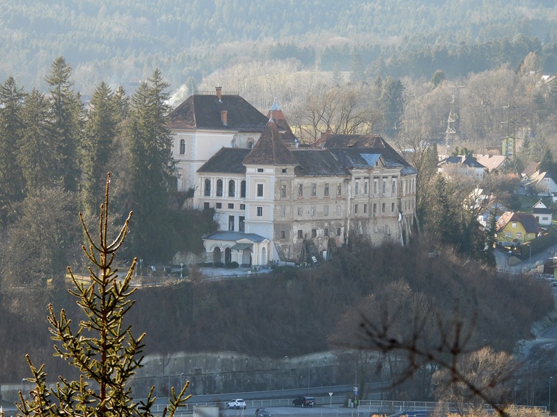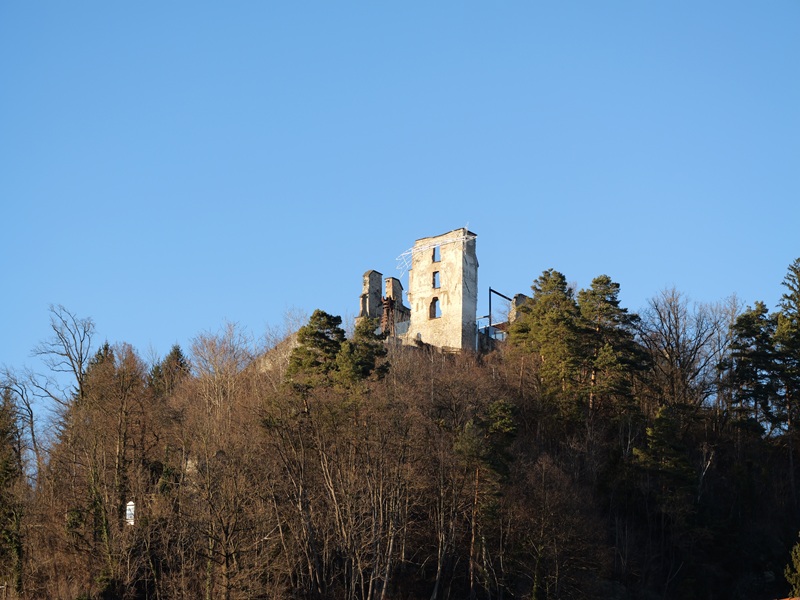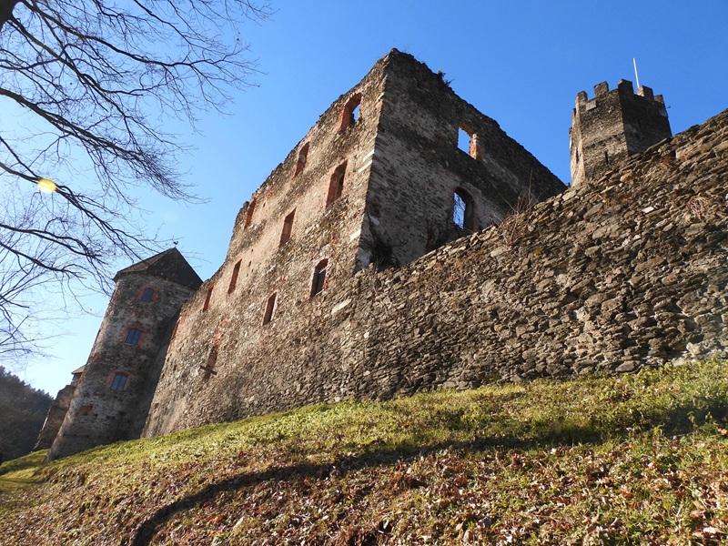 Ein hübscher Weg führt um die große und sehenswerte Ruine herum. Hier im Osten von Voitsberg, wo das Kainachtal sehr, sehr eng ist, bot sich dieser schmale Bergrücken richtiggehend an, darauf eine Wehrburg zu bauen. Der älteste Teil ist der Bergfried mit seinen fünf Stockwerken, der im 12. Jahrhundert gebaut wurde. Er steht auf einem sehr markanten Felsen, und wenn man außen unter diesem Felsen hindurchgeht, hat man schon ein bisschen ein mulmiges Gefühl und hofft inständig, dass Turm und Felsen nicht gerade in diesem Moment abrutschen. Angeblich soll dieser Turm auf römischen Grundmauern aufgebaut worden sein. Also keine Angst, dieser Teil der Wehranlage scheint stabil zu sein. Was man leider von einigen Gemäuern im Südosten der Burg nicht behaupten kann. 1817 rutschte ein Teil des Schlosses ab. Burg – Schloss … was war die Ruine früher wirklich? Die ältesten Teile der Burg stammen aus dem 12. Jahrhundert, im 14. Jahrhundert wurde die Burg erweitert und im 16. Jahrhundert kam es zu einem großen Umbau. Ein prächtiges Schloss wurde unter der Herrschaft der Herbersteiner gebaut. Das Gebäude hatte viele Besitzer: Krems-Leonrode, Walseer, Montforter, Herberstein, Saurau … 1857 erwarb sie Erzherzog Johann. Heute gehört sie dem Verein „Licht im Leben“.
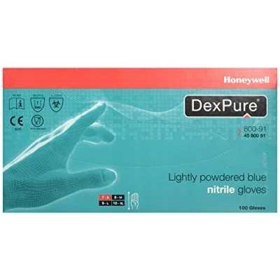 Honeywell DexPure 800 91 Lightly Powdered Disposable Chemical Protective Nitrile Gloves, Ambidextrous, Certified for Food Contact, 24 cm Length, Blue Colour, Size S, 4580091 S (Pack of 100 Gloves)
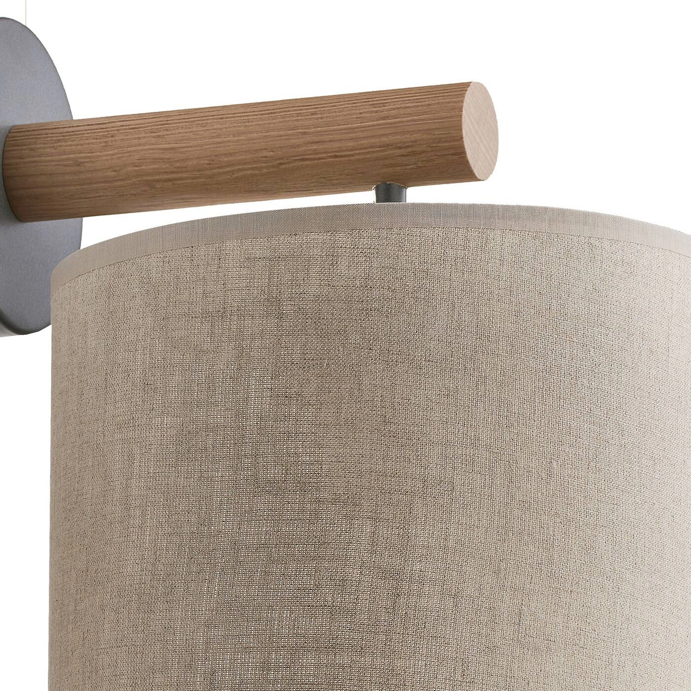 Abażur ma kształt walca i jest wykonany z lnu w kolorze szaro beżowym.

#### WHAT THE EXERCISE ASKS:
Restate the listing above word for word. Leave the images out.

#### OUTPUT FOR THIS EXERCISE:
 Ein hübscher Weg führt um die große und sehenswerte Ruine herum. Hier im Osten von Voitsberg, wo das Kainachtal sehr, sehr eng ist, bot sich dieser schmale Bergrücken richtiggehend an, darauf eine Wehrburg zu bauen. Der älteste Teil ist der Bergfried mit seinen fünf Stockwerken, der im 12. Jahrhundert gebaut wurde. Er steht auf einem sehr markanten Felsen, und wenn man außen unter diesem Felsen hindurchgeht, hat man schon ein bisschen ein mulmiges Gefühl und hofft inständig, dass Turm und Felsen nicht gerade in diesem Moment abrutschen. Angeblich soll dieser Turm auf römischen Grundmauern aufgebaut worden sein. Also keine Angst, dieser Teil der Wehranlage scheint stabil zu sein. Was man leider von einigen Gemäuern im Südosten der Burg nicht behaupten kann. 1817 rutschte ein Teil des Schlosses ab. Burg – Schloss … was war die Ruine früher wirklich? Die ältesten Teile der Burg stammen aus dem 12. Jahrhundert, im 14. Jahrhundert wurde die Burg erweitert und im 16. Jahrhundert kam es zu einem großen Umbau. Ein prächtiges Schloss wurde unter der Herrschaft der Herbersteiner gebaut. Das Gebäude hatte viele Besitzer: Krems-Leonrode, Walseer, Montforter, Herberstein, Saurau … 1857 erwarb sie Erzherzog Johann. Heute gehört sie dem Verein „Licht im Leben“.
 Honeywell DexPure 800 91 Lightly Powdered Disposable Chemical Protective Nitrile Gloves, Ambidextrous, Certified for Food Contact, 24 cm Length, Blue Colour, Size S, 4580091 S (Pack of 100 Gloves)
 Abażur ma kształt walca i jest wykonany z lnu w kolorze szaro beżowym.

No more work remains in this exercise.